*Goal of the exercise*
Return every line of the listing below, unchanged, from its first line to the line holding "湖岸道路沿いに説明板があるよ", that line included.

*Records shown*

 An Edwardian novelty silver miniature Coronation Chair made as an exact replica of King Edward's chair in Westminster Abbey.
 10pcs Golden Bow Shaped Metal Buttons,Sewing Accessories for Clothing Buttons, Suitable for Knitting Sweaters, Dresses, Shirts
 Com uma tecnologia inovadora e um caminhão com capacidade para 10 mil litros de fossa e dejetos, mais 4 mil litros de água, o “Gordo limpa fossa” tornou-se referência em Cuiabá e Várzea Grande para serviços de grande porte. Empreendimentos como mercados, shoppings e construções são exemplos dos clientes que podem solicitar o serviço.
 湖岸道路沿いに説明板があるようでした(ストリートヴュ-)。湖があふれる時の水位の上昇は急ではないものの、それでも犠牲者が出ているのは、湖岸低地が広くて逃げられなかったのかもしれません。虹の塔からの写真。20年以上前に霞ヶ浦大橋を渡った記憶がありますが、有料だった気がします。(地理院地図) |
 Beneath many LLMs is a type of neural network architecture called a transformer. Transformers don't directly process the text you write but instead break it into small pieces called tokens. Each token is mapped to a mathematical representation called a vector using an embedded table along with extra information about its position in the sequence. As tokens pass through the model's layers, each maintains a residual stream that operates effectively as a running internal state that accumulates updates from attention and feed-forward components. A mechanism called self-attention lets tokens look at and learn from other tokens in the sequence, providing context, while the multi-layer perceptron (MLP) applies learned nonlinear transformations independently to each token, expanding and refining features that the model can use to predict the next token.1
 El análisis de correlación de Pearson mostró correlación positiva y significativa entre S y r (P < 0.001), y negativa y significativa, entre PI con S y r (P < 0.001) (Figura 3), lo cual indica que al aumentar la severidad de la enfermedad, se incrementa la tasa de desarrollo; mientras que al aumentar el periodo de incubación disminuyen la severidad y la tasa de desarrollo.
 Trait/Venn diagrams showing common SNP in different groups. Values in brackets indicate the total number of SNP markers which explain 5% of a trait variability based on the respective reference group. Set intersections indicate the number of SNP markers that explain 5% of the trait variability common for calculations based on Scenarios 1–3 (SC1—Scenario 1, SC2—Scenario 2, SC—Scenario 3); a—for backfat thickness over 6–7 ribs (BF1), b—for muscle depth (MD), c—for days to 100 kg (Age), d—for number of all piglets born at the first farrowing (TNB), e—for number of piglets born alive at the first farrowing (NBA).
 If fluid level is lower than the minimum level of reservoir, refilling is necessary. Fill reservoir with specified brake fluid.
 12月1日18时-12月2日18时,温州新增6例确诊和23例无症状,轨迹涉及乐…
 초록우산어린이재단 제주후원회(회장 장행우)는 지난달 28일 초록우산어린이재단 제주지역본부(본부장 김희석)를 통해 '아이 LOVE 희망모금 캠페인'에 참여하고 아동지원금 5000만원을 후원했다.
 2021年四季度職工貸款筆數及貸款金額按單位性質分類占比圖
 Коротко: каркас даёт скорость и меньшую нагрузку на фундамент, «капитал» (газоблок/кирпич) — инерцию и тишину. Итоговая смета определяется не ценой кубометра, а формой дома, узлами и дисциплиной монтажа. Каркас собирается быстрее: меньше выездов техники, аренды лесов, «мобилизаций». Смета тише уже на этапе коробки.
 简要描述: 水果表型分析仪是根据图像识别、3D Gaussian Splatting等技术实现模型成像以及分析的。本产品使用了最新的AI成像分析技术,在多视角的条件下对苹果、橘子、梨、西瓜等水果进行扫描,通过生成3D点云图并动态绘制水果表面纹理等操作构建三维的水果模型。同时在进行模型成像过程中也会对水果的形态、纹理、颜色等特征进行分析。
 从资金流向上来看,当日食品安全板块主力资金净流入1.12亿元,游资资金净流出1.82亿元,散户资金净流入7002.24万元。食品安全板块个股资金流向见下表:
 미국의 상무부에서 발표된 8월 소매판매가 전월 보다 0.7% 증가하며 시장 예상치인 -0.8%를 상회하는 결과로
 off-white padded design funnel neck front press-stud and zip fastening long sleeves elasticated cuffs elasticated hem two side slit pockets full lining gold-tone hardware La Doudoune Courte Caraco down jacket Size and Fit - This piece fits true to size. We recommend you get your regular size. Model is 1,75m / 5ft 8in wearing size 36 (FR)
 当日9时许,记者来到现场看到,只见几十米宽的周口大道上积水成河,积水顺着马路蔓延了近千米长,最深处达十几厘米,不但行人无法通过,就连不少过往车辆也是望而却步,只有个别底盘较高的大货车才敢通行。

*Response*
 An Edwardian novelty silver miniature Coronation Chair made as an exact replica of King Edward's chair in Westminster Abbey.
 10pcs Golden Bow Shaped Metal Buttons,Sewing Accessories for Clothing Buttons, Suitable for Knitting Sweaters, Dresses, Shirts
 Com uma tecnologia inovadora e um caminhão com capacidade para 10 mil litros de fossa e dejetos, mais 4 mil litros de água, o “Gordo limpa fossa” tornou-se referência em Cuiabá e Várzea Grande para serviços de grande porte. Empreendimentos como mercados, shoppings e construções são exemplos dos clientes que podem solicitar o serviço.
 湖岸道路沿いに説明板があるようでした(ストリートヴュ-)。湖があふれる時の水位の上昇は急ではないものの、それでも犠牲者が出ているのは、湖岸低地が広くて逃げられなかったのかもしれません。虹の塔からの写真。20年以上前に霞ヶ浦大橋を渡った記憶がありますが、有料だった気がします。(地理院地図) |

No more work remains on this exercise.